Road in Shanghai, China

Dongmen Road (東門路) is a road in Shanghai, China. It extends in the west from the site of the old East Gate of Shanghai on Zhonghua Road, part of the ring road surrounding the Old City of Shanghai, to South Zhongshan Road and the Huangpu River in the east, an arterial road and part of the quasi-ring road Zhongshan Road. Administratively, it is in Huangpu District.

==History==
Dongmen Road is a street with a long history. "Dongmen" means "east gate". In the end of the Ming Dynasty, around 1700, when Shanghai became a small city for the first time, this street came to exist. The wall of the old city was built as a circle, totally on the west side of the Huangpu River. There are six gates to the outside—one north gate, one west gate, two south gates and two east gates. Among them, the east gate located on the west end of the Dongmen Street was the most important one in the old city.

Furthermore, at that time, river transportation was served as the most regular way to make purchase with other cities. The biggest dock in Shanghai, called Shiliupu, is near this east gate. So, the Dongmen Road which connected the East Gate and the Shiliupu dock is surely to be the main street of old Shanghai, with shops alongside, goods in and out, and traffic across frequently.

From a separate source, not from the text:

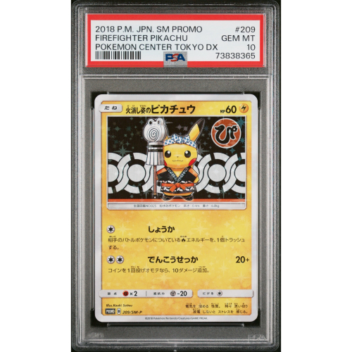• 商品簡介:這張消防皮卡丘卡是2018年3月14日東京DX寶可夢中心開幕的限定紀念品,僅在「Pokémon Center Tokyo DX Special Box」中發行,數量極少,屬於SM-P促銷系列。由畫師 Kouki Saitou 繪製,設計靈感源自江戶時代的「火消」(hikeshi)消防員,皮卡丘身著傳統消防服,手持波利渦龍造型的「纏」(matoi)旗幟,融合復古與可愛元素象徵東京文化多樣性。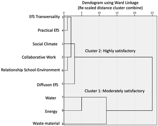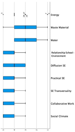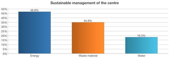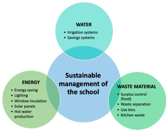 - Sustainable management of the eco-school. This refers to those behavioural guidelines that educational centres have in relation to the treatment of the resources available to them, aiming to encourage these behaviours to be committed to sustainable development in aspects such as water, solid waste, energy, mobility, green areas, as well as the responsible consumption and use of resources. Some authors defend the idea that coherent and ethical sustainable management strategies make the educational centre an organisation endowed with social responsibility [54].

The wall and all the gates including the East Gate were destroyed around 1920 to make the traffic in and out more conveniently. And nowadays, The Shiliupu dock is no longer for transportation use but only for trip of the Huangu River instead. Dongmen Street, as a result, becomes a normal street of 20 meter wide, carrying four drives side by side. Shops are not as many as before. However, Dongmen Road is not far from Yuyuan Garden, an elaborate traditional garden in the Jiangnan style, and one of the tourist sites of Shanghai. As a result, the north side of the street now serves as a parking center where many tourist buses park.

==Recently==
Recently, the government has realized the special means of the historic street, and they are trying to build a huge shopping mall with active surface to make the prosperity of the blocks alongside reappear after hundreds of years. Actually, now, a residential community has been already built on the south side with commercial on the first and second floor.